**Exercise objective**
Copy every line of the data below exactly as given, except for the pictures.

**Raw data**
▶

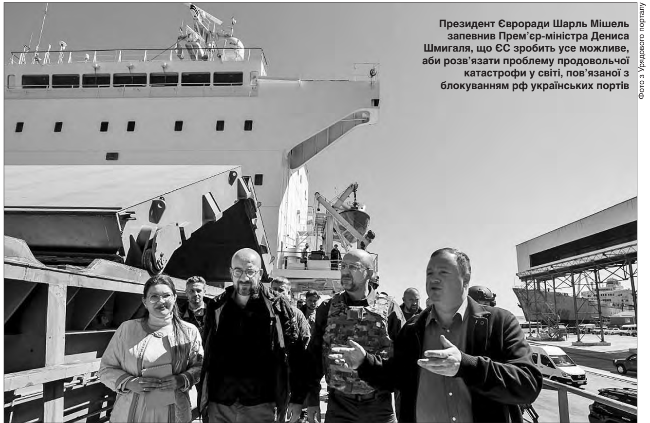
Президент Євроради Шарль Мішель запевнив Прем'єр-міністра Дениса Шмигаль, що ЄС зробить усе можливе, аби розв'язати проблему продовольчої катастрофи у світі, пов'язаної з блокуванням РФ українських портів

ВІЗИТ ПІД ОБСТРІЛАМИ. ЄС зробить усе, щоб допомогти нашій країні зупинити російську воєнну машину
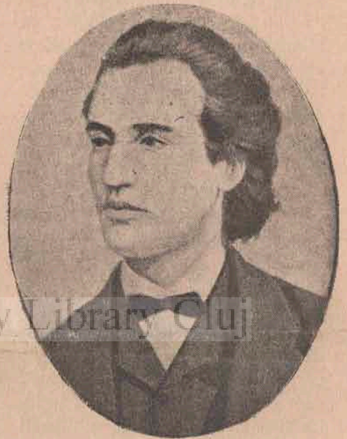
Eminescu la 20 de ani.
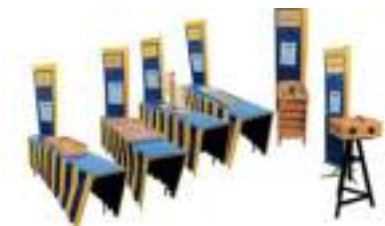
TOURNOI JEUX en BOIS PRESTIGE

◀

**Output for this exercise**
Президент Євроради Шарль Мішель запевнив Прем'єр-міністра Дениса Шмигаль, що ЄС зробить усе можливе, аби розв'язати проблему продовольчої катастрофи у світі, пов'язаної з блокуванням РФ українських портів

ВІЗИТ ПІД ОБСТРІЛАМИ. ЄС зробить усе, щоб допомогти нашій країні зупинити російську воєнну машину
Eminescu la 20 de ani.
TOURNOI JEUX en BOIS PRESTIGE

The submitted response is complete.